The News
The U.S. Food and Drug Administration on Friday authorized a mechanism that would allow Florida to purchase millions of dollars’ worth of medications from Canada at far cheaper prices than in the U.S., despite fierce objections from the pharmaceutical industry.
In a major policy shift, the state will now be allowed to import some drugs from Canadian wholesalers for use in its Medicaid programs, as well as in government clinics and prisons.
The road to implementing this new plan could be rocky, however, as a key trade group has sued over importation efforts in the past and is expected to do so again.
SIGNALS
Experts are skeptical that the plan will be implemented
Health policy experts are skeptical that importing drugs from Canada will address the root cause of soaring drug prices in the U.S. — and say the plan may not even go into effect. “Having the FDA approve the importation plan is one step, but there are other major steps that make this difficult to do," one expert told NBC News. Canada has long been wary of becoming a major exporter of drugs to the U.S., worrying that such a move could fuel drug shortages on home soil. A representative for Canadian pharmacists told CBC that Canadians didn’t need to rush to their pharmacies to stock up. “This may never happen,” she said.

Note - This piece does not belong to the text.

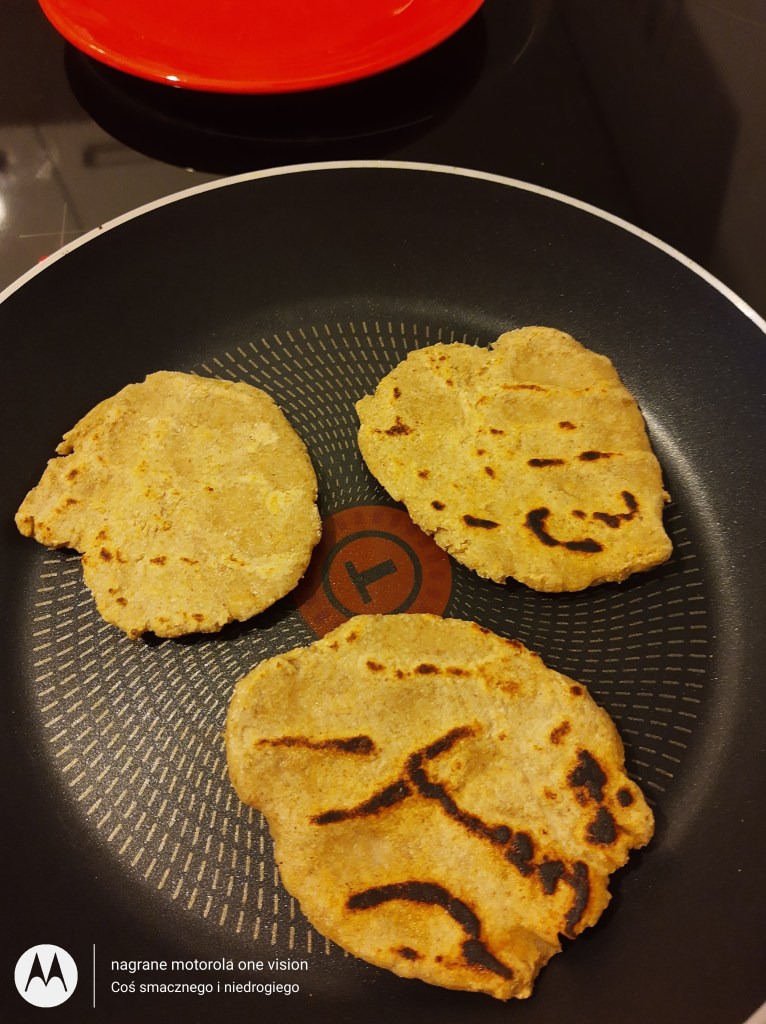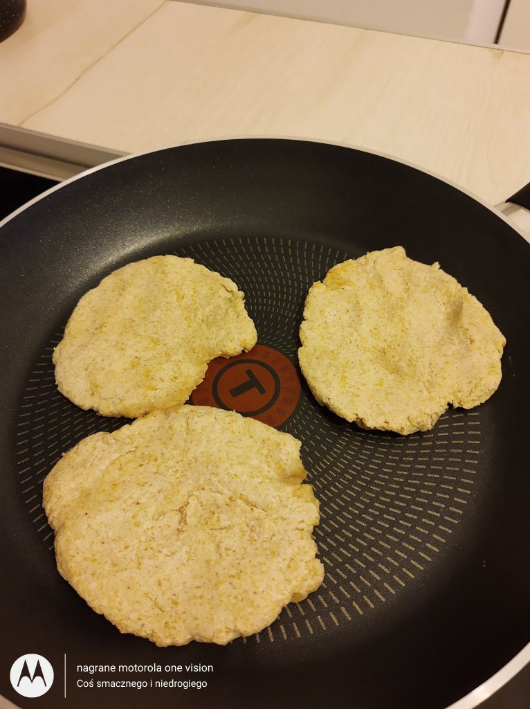 Zwilżonymi rękoma odrywam kulki, które spłaszczam (można rozwałkować) i przekładam na rozgrzaną suchą patelnię gdzie ,,podpiekam,, na rumiano (możliwe są małe przypalenia).
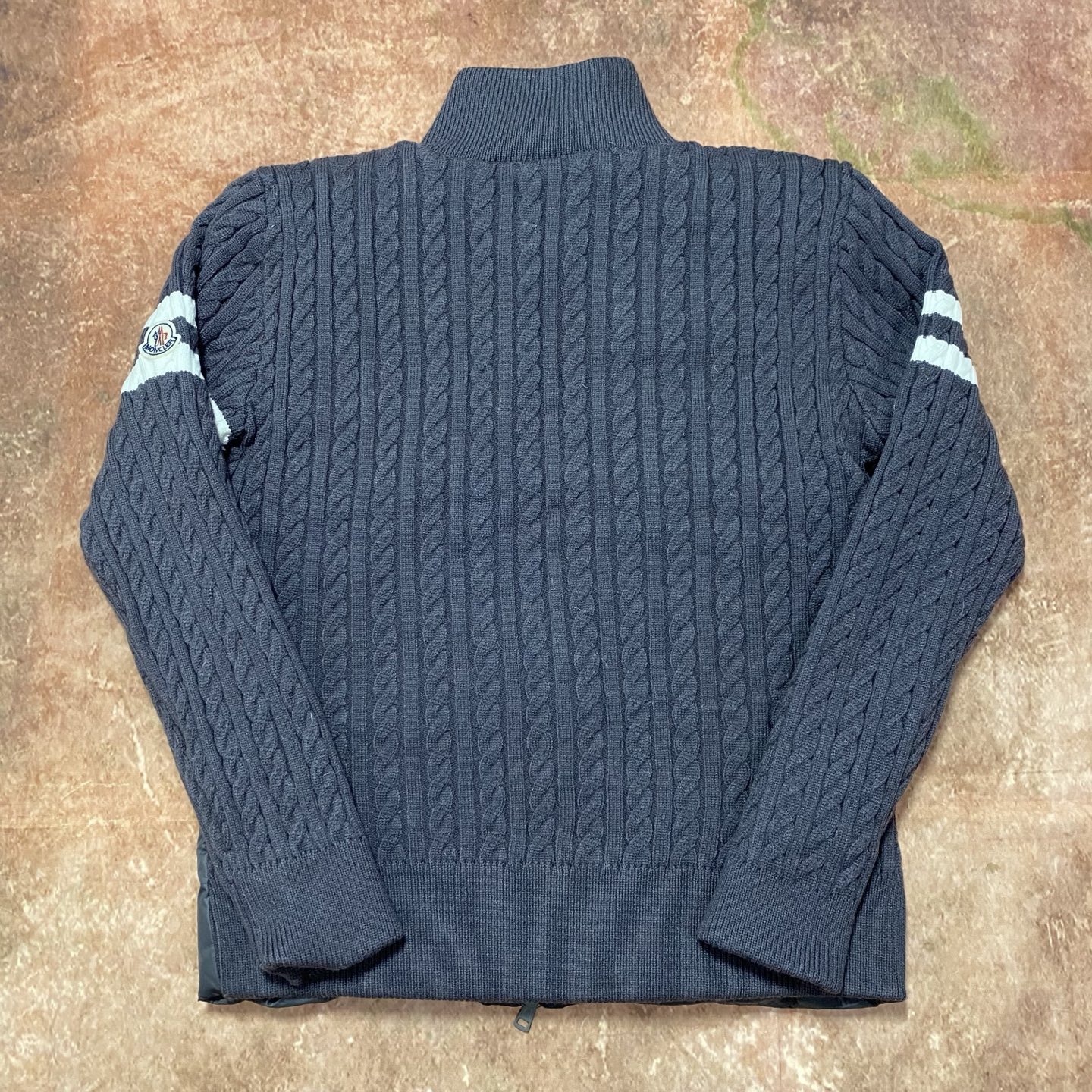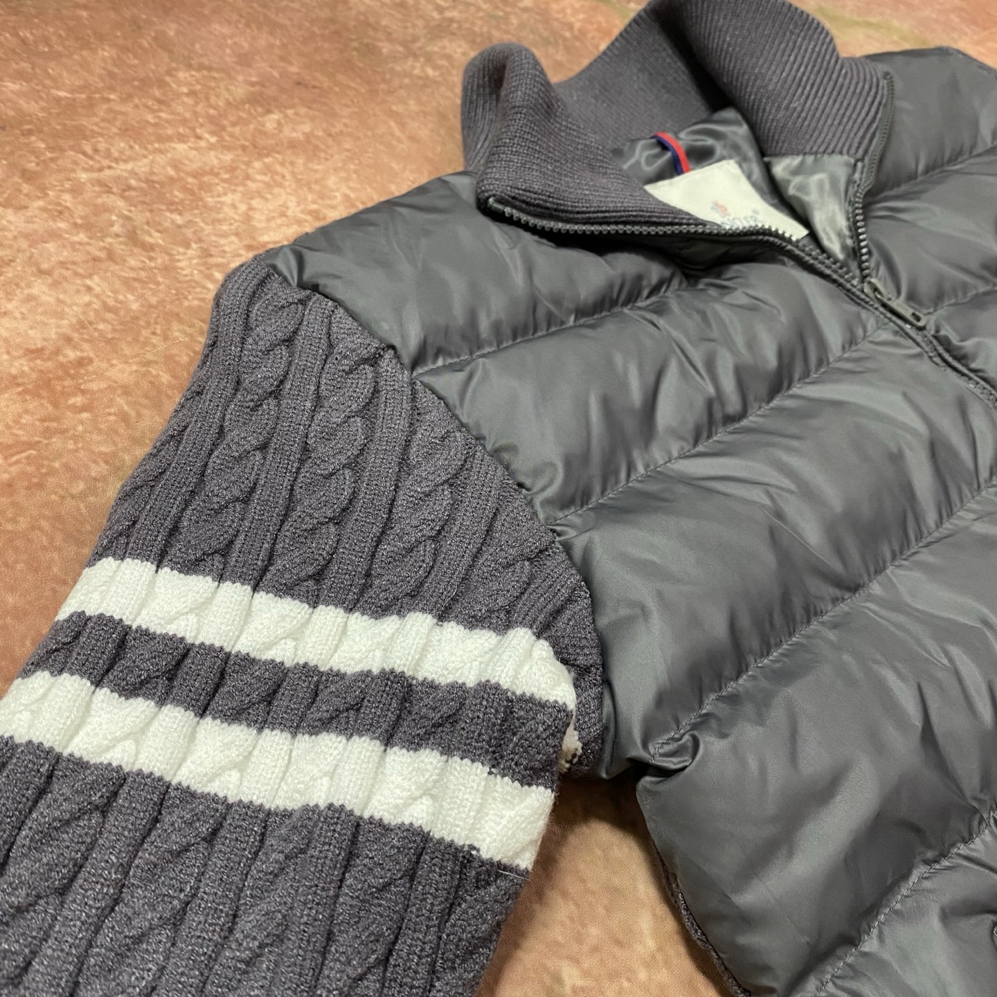 立领设计 合身直筒版型 拉链闭合 M针织拼接羽绒前幅90绒填充 拼接处采用羊毛材质 袖子饰有补丁徽章 立领拉链开合

The Inflation Reduction Act may offer a clearer path to lower prices
Drug-cost reduction measures in President Joe Biden’s Inflation Reduction Act offer a “more direct path to lowering prices” than tapping into Canada’s supply, pharma policy experts told the New York Times. The IRA lets Medicaid negotiate the prices of a few expensive drugs directly with drugmakers, which is expected to save the federal government around $98.5 billion over a decade. One health law expert told the Times that allowing the government to negotiate prices with drug companies is a “pretty straightforward solution,” while the importation plan is a “jerry-rigged, complicated approach.”
Both parties will fight to take credit for import plan
Drug importation is popular with voters – and with the Florida plan approved, President Joe Biden is likely to find himself in a tussle with the state’s Republican Governor Ron DeSantis over who should take credit, one pollster told the health news website STAT News. Because the savings are eventually passed on to healthcare consumers, using imports to tamp down drug prices is popular across the aisle. A 2019 study from the non-profit health research group KFF found that 78% of respondents favored allowing Americans to buy prescription drugs imported from Canada, and DeSantis, who has been pushing for this plan for years, has long blamed Biden for the FDA approval taking so long to materialize.